Construction of pBM65Ahis has been described previously , . To generate the pΔ69-BM65Ahis construct, an overlap PCR was employed to delete the first 69 nt of BCoV 5′ UTR . For this, oligonucleotides pGEMNDEI(−) and NL(+) were used with pBM65A DNA in the first PCR, and oligonucleotides NL(−) and RYN(+) were used with pBM65A DNA in the second PCR. Oligonucleotides pGEMNDEI(−) and RYN(+) were used with the products of the first two reactions in a third PCR to amplify a 1235-nt product that was cloned into the TOPO XL vector (Invitrogen). From this, a 933-nt fragment obtained by digestion with NgoMIV and XbaI was cloned into NgoMIV- and XbaI-linearized psBM65A to produce construct pΔ69-BM65Ahis. To generate pBM65AhisΔ5, oligonucleotides TGEV 7(−) and Δ5(+) were used with pBM65Ahis DNA in the first PCR, and oligonucleotides Δ5(−) and DI reverse(+) were used with pBM65Ahis DNA in the second PCR; oligonucleotides TGEV 7(−) and DI reverse(+) were used in a third PCR with the products of the first two reactions to amplify a 1248-nt product that was cloned into the TOPO XL vector (Invitrogen). Next, an 801-nt fragment obtained by digestion with SpeI and MluI was cloned into SpeI- and MluI-linearized pBM65Ahis to produce the pBM65AhisΔ5 mutant. To construct pΔ69-BM65AhisΔ5, an 801-nt fragment obtained by digestion of pBM65AhisΔ5 with SpeI and MluI was cloned into SpeI- and MluI-linearized pΔ69-BM65Ahis to produce the pΔ69-BM65AhisΔ5 mutant. Construct pDIEGFP, formally called pDIRNA-3, with the template-switching signal (intergenic sequence; IS) and EGFP gene was previously described . To generate construct pΔ69EGFP, pD69-BM65Ahis was digested with XbaI- and NgomIV, and the digested fragment carrying a 69-nt deletion of the BCoV 5′ UTR was cloned into XbaI- and NgomIV -linearized pDIEGFP.

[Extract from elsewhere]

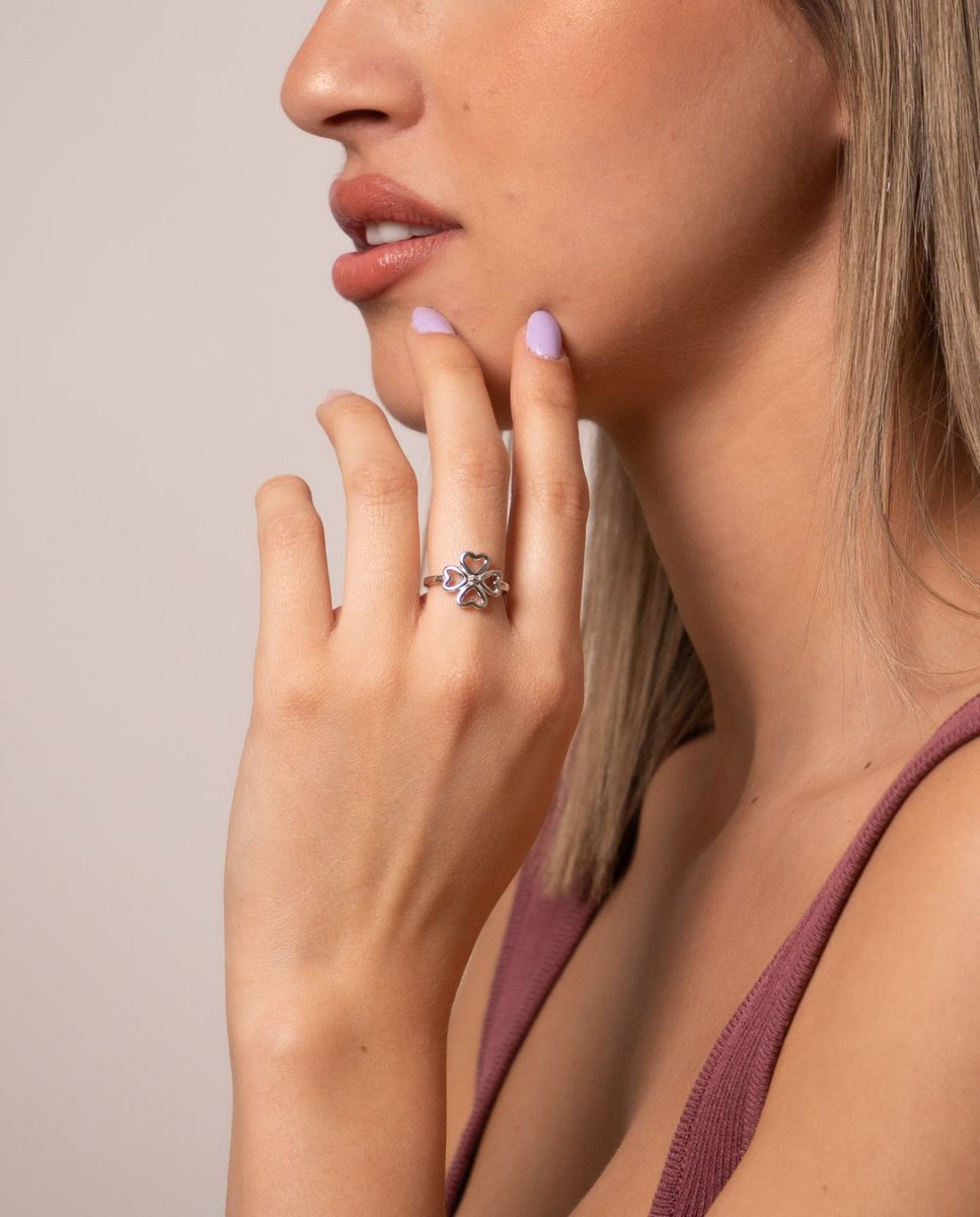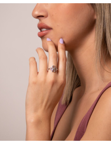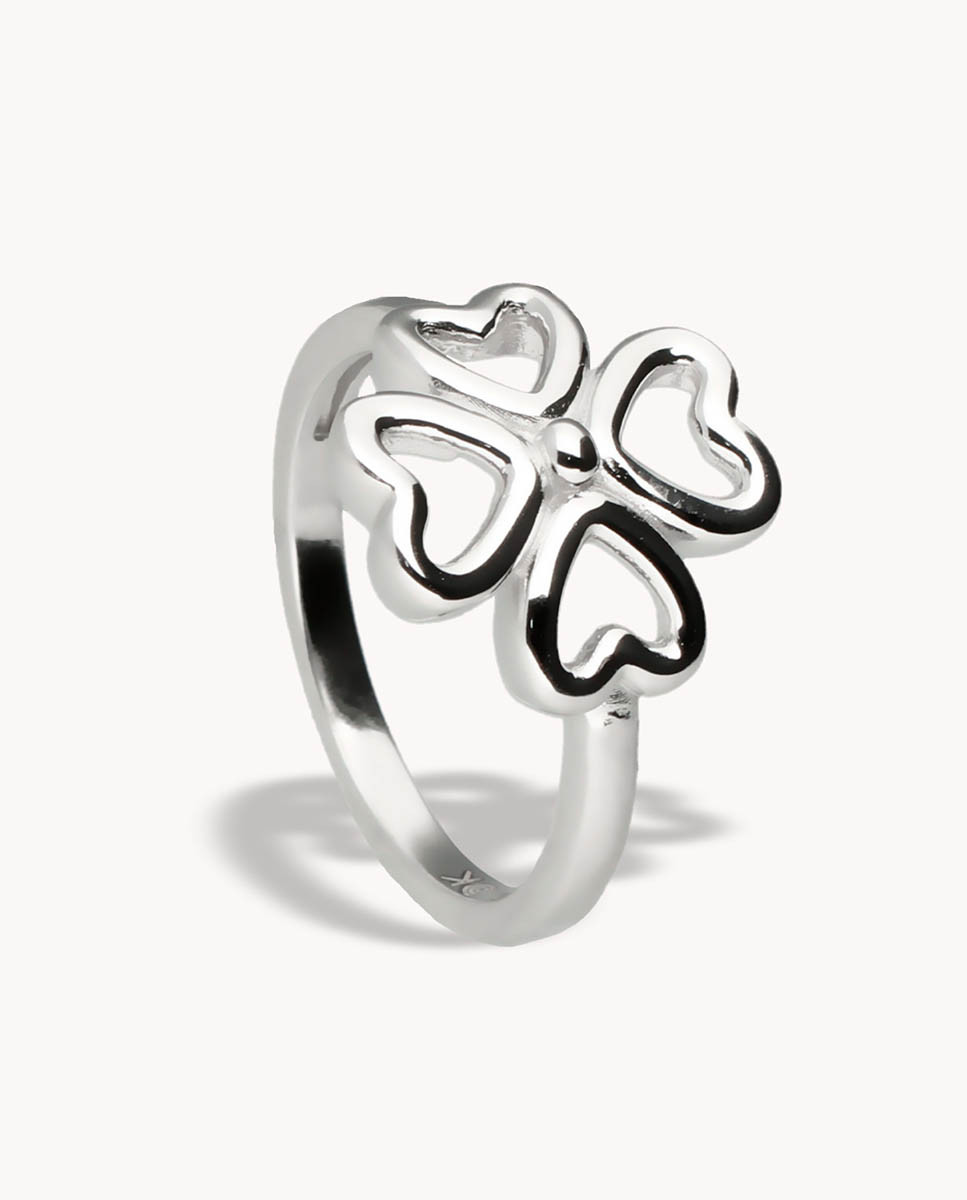 Anillo de plata de ley 925 bañado en rodio con motivo trébol.

Western Blot Analysis for in vivo DI RNA Translation
The DNA constructs were linearized with MluI, transcribed in vitro with the mMessage mMachine T7 transcription kit (Ambion) according to the manufacturer’s instructions, and passed through a Biospin 6 column (Bio-Rad), followed by transfection . For transfection, HRT-18 cells in 35-mm dishes at ∼80% confluency (∼8×105 cells/dish) were infected with BCoV at a multiplicity of infection of 5 PFU per cell and transfected 2 h later with 3 µg of transcript RNA using Lipofectin (Invitrogen) . After transfection, proteins from HRT-18 cell lysates were harvested, electrophoresed through 12% SDS-PAGE gels, and electrotransferred to nitrocellulose membranes (Amersham Biosciences). DI RNA fusion proteins were detected using an antibody specific to the histidine tag or β-actin (Serotec) as the primary antibody and goat anti-mouse IgG conjugated to HRPO as the secondary antibody (Jackson Laboratory). The proteins detected were visualized using Western Lightning™ Chemiluminescence Reagent (Perkin Elmer NEL105) and X-ray film (Kodak) .

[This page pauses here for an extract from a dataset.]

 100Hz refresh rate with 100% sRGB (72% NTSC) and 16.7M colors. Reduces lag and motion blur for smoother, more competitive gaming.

Real-Time RT-PCR Analysis of Negative-strand DI RNA Synthesis
To analyze the synthesis efficiency of negative-strand DI RNA , HRT-18 cells in 35-mm dishes at ∼80% confluency were infected with BCoV at a multiplicity of infection of 5 PFU per cell. After 2 h of infection, 3 µg of DI RNA transcript was transfected into the BCoV-infected HRT cells; total cellular RNA was extracted with TRIzol (Invitrogen) at 8 hpt. A 10-µg sample of extracted total cellular RNA in 25 µl of water was combined with 3 µl of 10X buffer and 10 U of (in 1 µl) tobacco acid pyrophosphatase (Epicentre) to de-block the 5′ capped end of the RNA. Following decapping, RNA was extracted with phenol-chloroform, heat-denatured at 95°C for 5 min, and then quick-cooled. A 3-µl aliquot of 10X ligase buffer and 2 U (in 2 µl) of T4 RNA ligase I (New England Biolabs) were added, and the mixture was incubated for 16 h at 16°C. After ligation, RNA was phenol-chloroform-extracted and quantitated, and 1 µg of ligated RNA was used for an RT reaction to synthesize cDNA with SuperScript III reverse transcriptase (Invitrogen). The real-time PCR amplification was performed using TaqMan®Universal PCR Master Mix (Applied Biosystems) according to the manufacturer recommendations with a LightCycler® 480 instrument (Roche Applied Science) and primers MHV6(−) and BCV23-40(+) (Table S1). To quantitate the synthesis of negative-strand DI RNA, dilutions of plasmids containing the same gene as the detected RT-PCR product of the negative-strand DI RNA were always run in parallel with the quantitated cDNA for use as standard curves (the dilutions ranged from 108 to 10 copies of each plasmid). The efficiency of the negative-strand RNA synthesis was normalized to the levels of the internal controls including 18S rRNA, DI RNA, and helper virus N sgmRNA; the primers used for these internal controls are described in Table S1. The reactions included an initial pre-incubation at 95°C for 5 min, followed by 45 amplification cycles of 95°C for 15 s and 60°C for 60 s.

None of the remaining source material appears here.